575 hp*,Turnkey, and There’s Not a Used Part In It
Till now, if you wanted a Duramax V-8 in anything other than the fullsize GM truck it came in—your best option was to buy a complete ’01 to ’10 Duramax truck. You’d take that pickup, strip it of the engine, wiring, gauge cluster, body controller, transmission, transmission control unit, air intake, throttle pedal, fuel filter, accessory drive, starter motor—the list goes on and on—and then you could begin swapping all those things into the car or truck of your dreams.

The reason for doing all that was because you’d need so many pieces to get the Duramax engine to run, it was cheaper to buy the whole vehicle than try to collect the parts individually. The problem with this method was it was a ton of work, you’d typically have to hold on to the donor truck until you got your Duramax swap perfected (in case you needed any more parts), and at the end of the day—you’d still have a used engine in your pride and joy.

That’s all changed now. For the first time in the history of diesel performance, you can now buy a 100-percent, brand-new diesel crate engine. And as you no doubt read on the valve covers, it’s coming from Gale Banks Engineering. Banks calls this engine the 866T, that’s 8 for the number of cylinders, 6.6 for the engine size in liters, and T for turbocharged.

Banks 866T Engine
General Motors has built the Duramax engine in Ohio for more than 12 years, and yes, your local dealership can sell you a Duramax long-block for around $16,000. At that point you’d still need to get an engine computer, wiring harness, and a zillion other parts.

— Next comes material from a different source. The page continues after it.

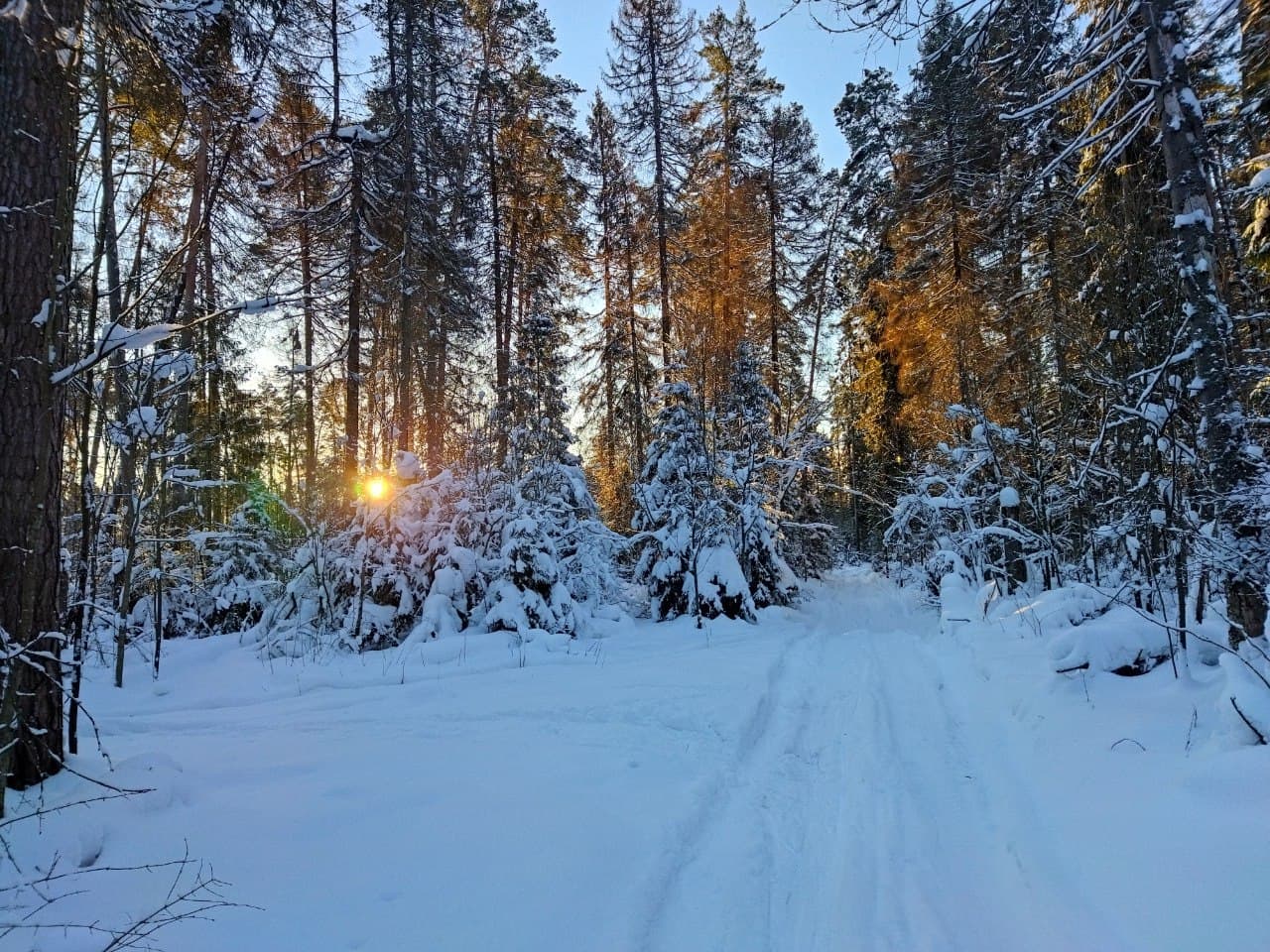 На картинке изображен зимний лес. Вся земля покрыта толстым слоем снега, и деревья также покрыты снегом. Высокие сосны и ели стоят вдоль заснеженной тропинки, которая уходит вдаль. Солнце находится низко на горизонте, его лучи пробиваются сквозь деревья, окрашивая верхушки в теплые оттенки оранжевого и золотого цвета. Сцена выглядит очень спокойной и умиротворяющей, передавая ощущение холодного зимнего утра или вечера.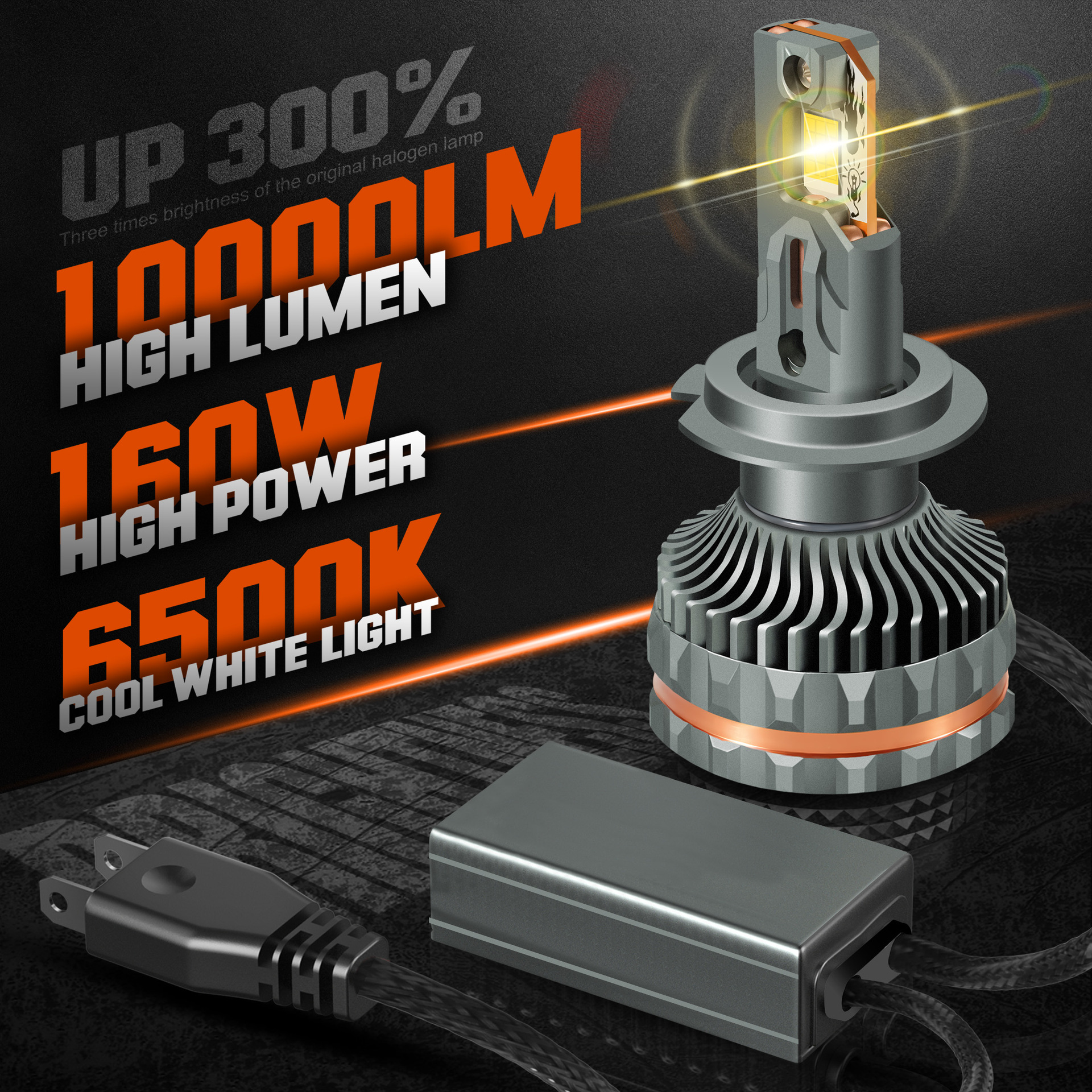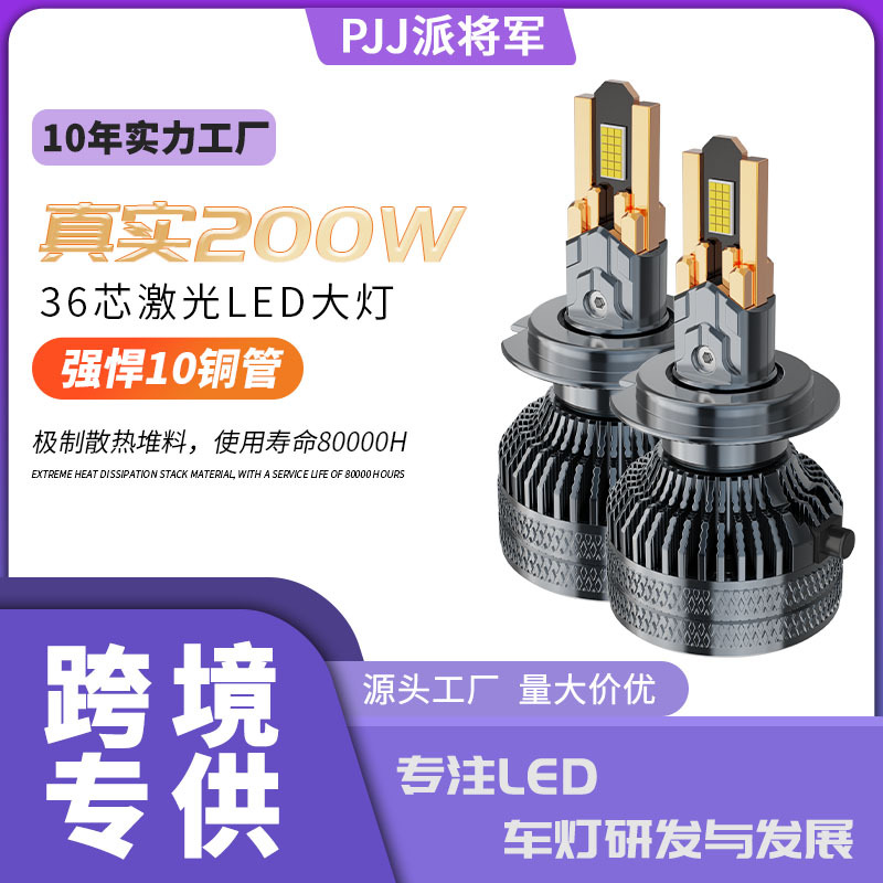 升级10铜管200w大功率大功率汽车led前照灯36芯H7灯泡led汽车大灯

It’s almost like GM doesn’t want to sell you a complete engine for your project—and that’s partially true. Instead, GM has partnered with Gale Banks to supply car, boat, and hot-rod builders like us with Duramax engines in a configuration that works for our needs. The engine itself begins life with all-new parts that were put together on the DMAX assembly line. From there, Banks adds its AutoMind ECU and wiring harness, and provides a fully developed engine calibration for power ratings from 275 to 475 hp.

Want more power than that? No problem. Banks also has a 575hp package (pictured) that makes 900 lb-ft and is based on the ’11-and-newer, heavier-duty LML Duramax block and cylinder heads. The 575hp engine uses a CP3 injection pump, and the heads are modified to accept standard Duramax solenoid-type injectors. The 575hp package also comes with Banks cast-aluminum valve covers, a high-volume oil system and piston cooling nozzles, high-flow Garrett water-cooled VNT turbocharger, Banks exhaust manifolds and turbocharger up-pipes, heavy-duty Banks viscous vibration damper (with 8 to 12 rib drive belt options), and provisions for bolting directly to the damper.

Want more power still? Banks can handle that, too. All its motorsport, supercharger, nitrous, dual CP3s, intake manifolds, intercoolers, and twin-turbo options can be incorporated into a Duramax crate engine. The top-of-the-line package is its streetable supercharged and turbocharged 1,200hp engine combo. If you want more power than that, talk to the Banks Engineering team about using two 866Ts in your project!

* Owner’s manual, installation guide, and six-month limited warranty (material and workmanship) included with the 275 to 475hp engines. Prices for ready-to-run engines with ECU begin at $15,980.